Required action:
Leave the pictures out, and repeat exactly each line from the one that holds "Świeczka ma zapach" through the final line of the entries below.

Record extracts:
= Beginning of Section =

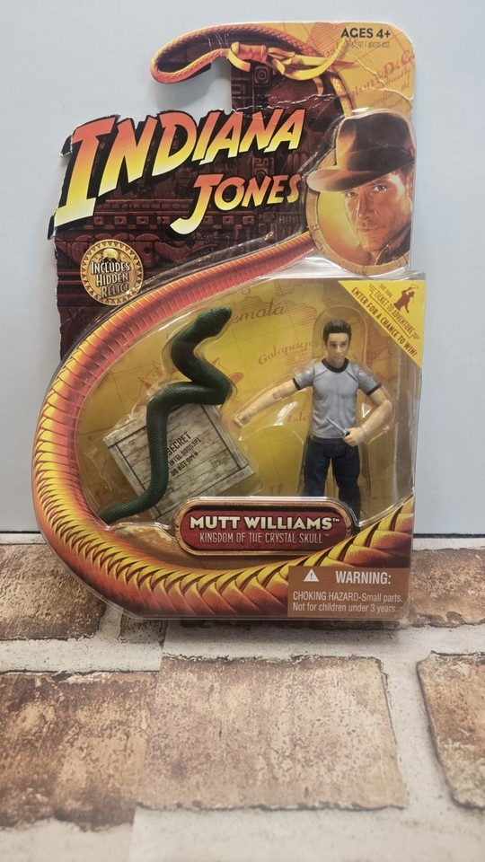The "Mutt Williams" action figure from the Indiana Jones "Kingdom of the Crystal Skull" is a 3 3/4 inch collectible made of crystal material. Packaged in original unopened packaging, this toy depicts the character Mutt Williams from the movie franchise. Produced in China in 2008, this action figure is a part of the larger Indiana Jones collection and features the artist/actor will.i.am. Perfect for fans of the Indiana Jones series, this unique and detailed action figure brings to life the thrilling adventure of the Kingdom of the Crystal Skull.
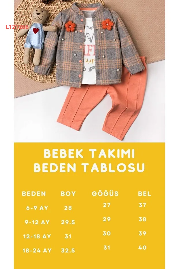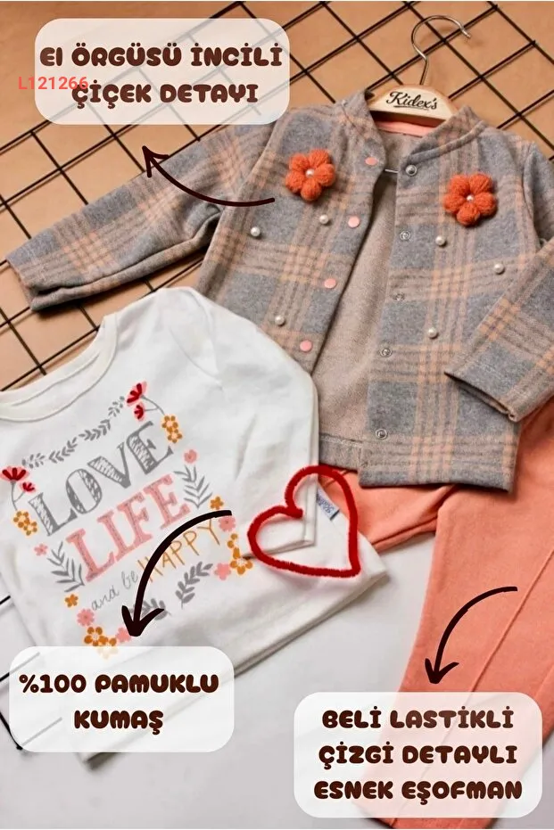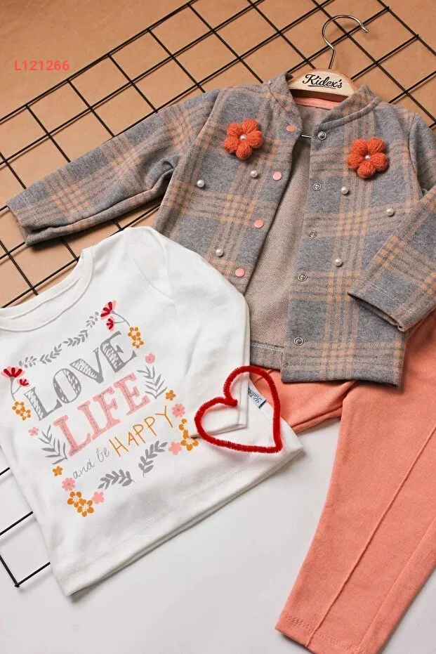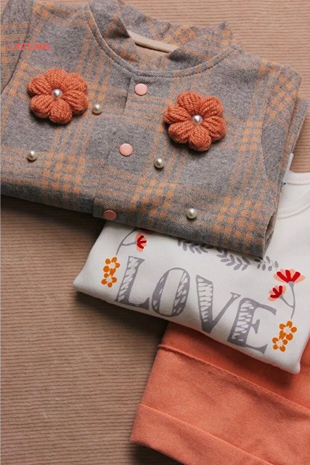 استمتعِ بأناقة وراحة لا مثيل لهما مع طقم Chicsy المكون من ثلاثة قطع للبيبي الفتاة، المصنوع من قطن 100٪ الناعم والمريح. تتميز الخامة بنقوش الأزهار الأنيقة واللمسات بخرز اللؤلؤ، مما يجعل هذا الطقم الخيار المثالي لكل مناسبة. أتركي ابنتك تتألق بالأسلوب والراحة القصوى.
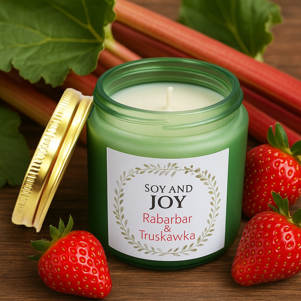 Świeczka ma zapach rabarbaru i truskawek, który pobudzi Twoje zmysły i przywoła najmilsze wspomnienia!
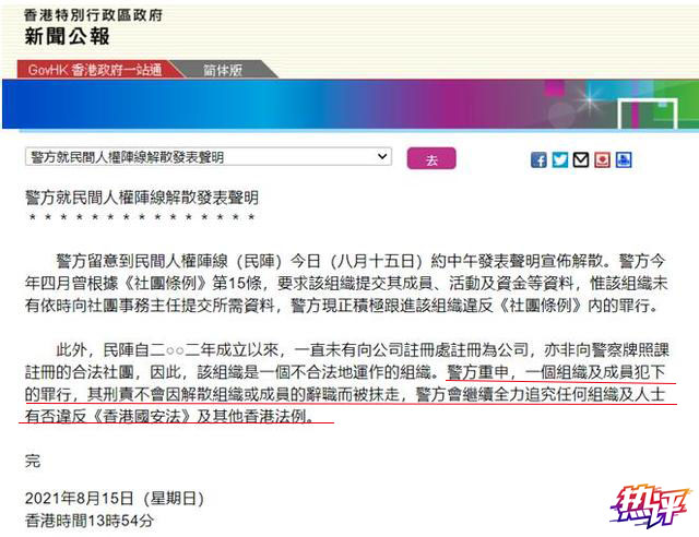 继“教协”8月10日宣布“自我了断”后,反中乱港势力的又一个组织“民阵”今天宣布解散。
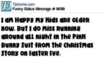 X I am Happy my kids are older now. But I do miss running around all night in the Pink Bunny Suit from the Christmas Story on Easter Eve.

= End of Section =

Exercise solution:
 Świeczka ma zapach rabarbaru i truskawek, który pobudzi Twoje zmysły i przywoła najmilsze wspomnienia!
 继“教协”8月10日宣布“自我了断”后,反中乱港势力的又一个组织“民阵”今天宣布解散。
 X I am Happy my kids are older now. But I do miss running around all night in the Pink Bunny Suit from the Christmas Story on Easter Eve.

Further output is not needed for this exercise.